A rousing tribute to Tina Turner


     In the mid-1980s, I couldn’t go anywhere without hearing Tina Turner’s voice. Friends endlessly played cuts from Turner’s Private Dancer album. At times, What’s Love Got to Do With It,  which became a signature song, seemed to be circling in a continuous loop in my brain. 
   As you’ll learn in Tina, a documentary about the singer’s life and career, Turner might have been the performer that Mick Jagger looked to for inspiration. I say this not to be snarky but to acknowledge, as the movies does, her influence on Jagger’s stage presence.
   Born Anna Mae Bullock in Brownsville, Tenn., Turner — now 81 — has had many careers. She launched with Ike Turner, whose abuse of her is well-chronicled in the 1993 movie What’s Love Got To Do With It  and in Turner’s autobiography, I Tina: My Life Story, written with Kurt Loder who appears in the film.
   Directors Dan Lindsay and T.J. Martin wander around Turner’s life, not fretting too much about strict chronological order. It hardly matters because Tina touches all the bases before landing in the quiet of the Zurich mansion Turner now shares with her husband, Erwin Bach, listed as one of the movie's executive producers.
    After she jettisoned Ike, Turner became a Vegas act. She didn’t  renew her ascendance until Private Dancer, and today she’s a bona ride elder stateswoman -- of music, survival, and uncontainable energy. 
   Turner credits Buddhist chanting with having opened the door to tranquility in a life that kicked off with emotionally bruising abandonment by both of her parents.
    A 19-year-old Turner was selected for fame by Ike Turner, the guitarist who stood silently in the background as Tina began to command every stage that hosted the Ike and Tina Turner Revue.  
    Ike Turner was a skilled songwriter and musician, but Tina quickly became the draw. The abbreviated skirts, the kinetic hair, the sweat that resulted from her ability to turn her body into a perpetual motion machine of soul created a brand before performers became so obsessed with branding. 
    The movie finds its starting point with a 1981 interview that Turner gave to People magazine's  She talked frankly about the domestic abuse she had experienced with Ike.

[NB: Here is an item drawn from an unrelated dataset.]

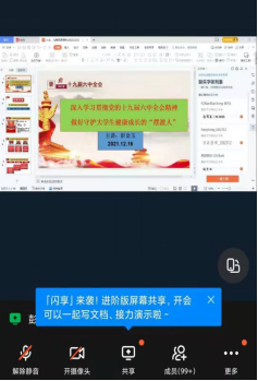 会议结束后参会党员就“如何学习贯彻党的十九届六中全会精神,践行新时代青年的使命责任”,在群里发表心得体会。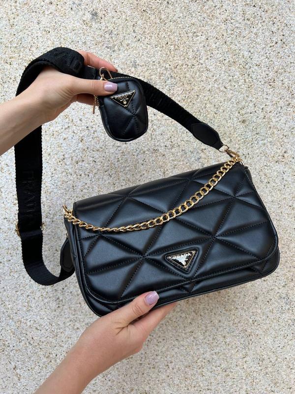 👜Prada gold black (Арт: 4001) 📐 Размер: 28 х 18 х 8 см 🧵 Материал: эко кожа 🔎 Описание: Сумка выполнена из качественной экокожи. Внутри одно отделение, подкладка текстильная, есть кошелек на молнии, эмблема с надписью бренда, отдельный кошелек с молнией, ремешок длиной 140см с возможностью регулировать длину. 🛍Бесплатная упаковка: брендовая коробка, наполнитель, брючина, документы

      Tina walked away from Ike in 1978 with only one demand — that she keep her name. She seems to have understood that she not only had talent but possessed what might be called talent-plus, the extra ingredient being the sheer force of will.
    You may find yourself recalling the movie in bits and pieces. In 1966, Tina began distancing herself from Ike, pouring her soul into Mountain High, a record she made with Wall-of-Sound guru the late Phil Spector, who kept his contact with Ike to a minimum. The record flopped. 
    Lindsay and Martin's documentary brims with revealing observations. Tina took an immediate dislike to the song What’s Love Got To Do With It.  She thought the tune, recorded originally by a British pop group Bucks Fizz, was more pop than rock. She had to be convinced to make it her own.
    We hear from Roger Davies, one of Tina's most important managers, from Angela Bassett, who played Turner in the 1993 movie, as well as from Oprah Winfrey
   You’ll see enough of Turner in performance to remind you that her voice could soar but Turner always seems to have been more than a voice: She was and is an undeniable presence.